Bruxism or Grinding can be very harmful to your kids
It is a habitual grinding of teeth when the child is not chewing or swallowing. It is divided into Daytime Bruxism (Diurnal) or Night -time Bruxism (Nocturnal). Daytime Bruxism can be conscious or subsconscious grinding along with parafunctional habits and it is usually silent. On the other hand, Night-time Bruxism is categorized as subconscious grinding in a rhythmic pattern. Bruxism happens as a result of faulty fillings, improper teeth occlusion, genetic causes, neurological disturbances, occupational factors, over anxious or stressed children.
What do you notice?
From the tooth surfaces, you will observe your child’s teeth are very much worn off. This feature is called atypical wear facet, whereby the worn area are shiny, uneven with sharp edges on the upper and lower front teeth. Fillings may fracture or tooth may chip off as a result of grinding. Teeth will become mobile and very sensitive to cold and hot food. Besides that, your child may complain of muscular tenderness and fatigue around the cheek on rising in the morning. Jaw movements restricted and difficult in opening mouth for a long time.

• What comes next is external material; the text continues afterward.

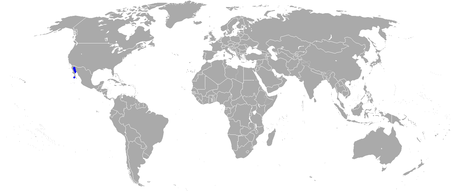 Distribution of the ocellated turbot, pleuronichthys ocellatus, using a political map of the world showing 2008 borders. Based on File:BlankMap-World.png; as it is PD, this is too.
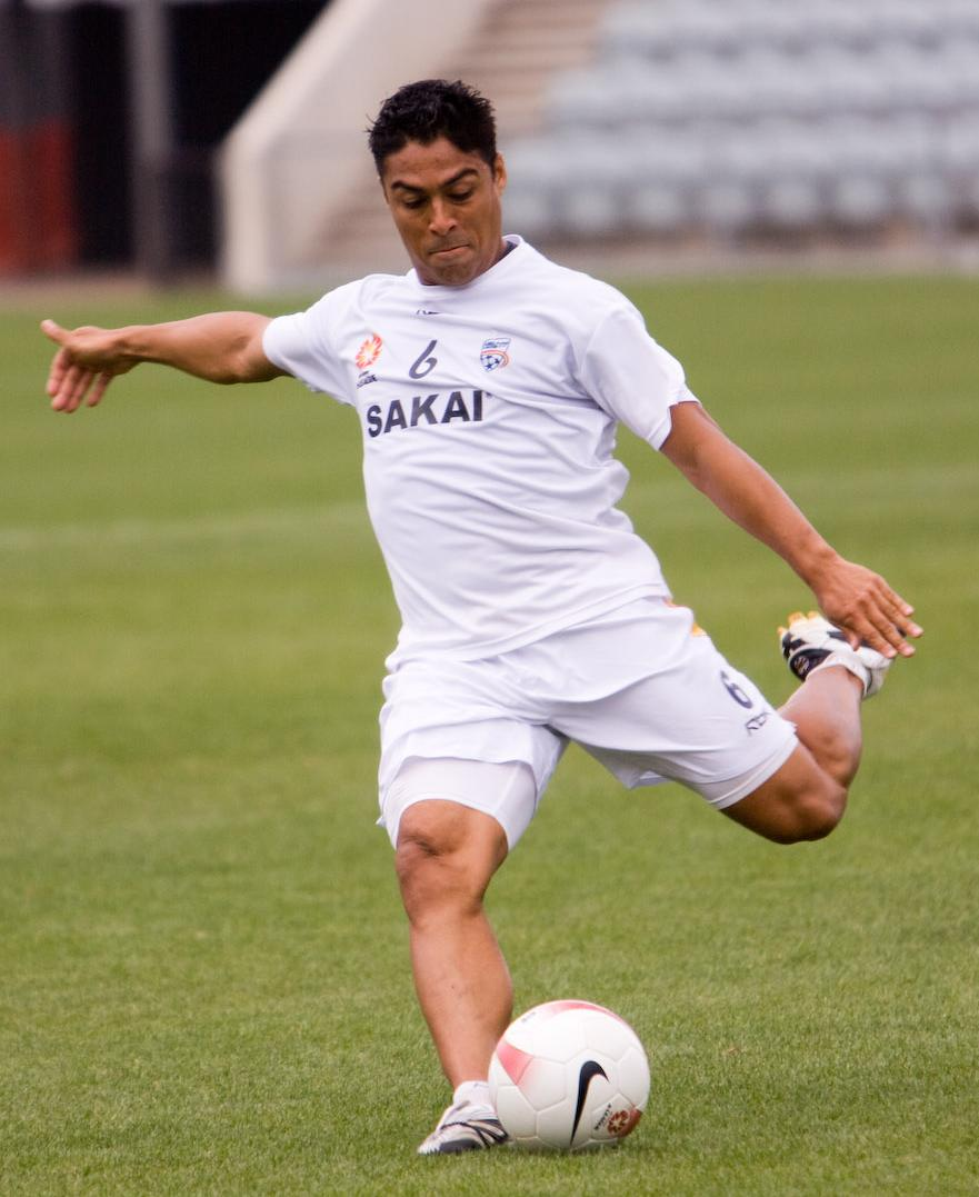 Cássio José de Abreu Oliveira known as Cássio training with Adelaide United FC

Shiny, uneven sharp edges of wear facets. Credits to shingletonsmiles.com
Oral habits in children are a major concern for the dentists and parents. A baby’s mouth acts as a primary device for exploring the environment and his or her lips and tongues are stimulated by instinctive sucking. By random movements, babies discover their hands and toes and use these to continue the stimulation of their mouth and related structures. Normal habits grow out of these in the early developmental stages. However, some babies do not. They continued to retain these habits until they are toddlers and it created further dental problems.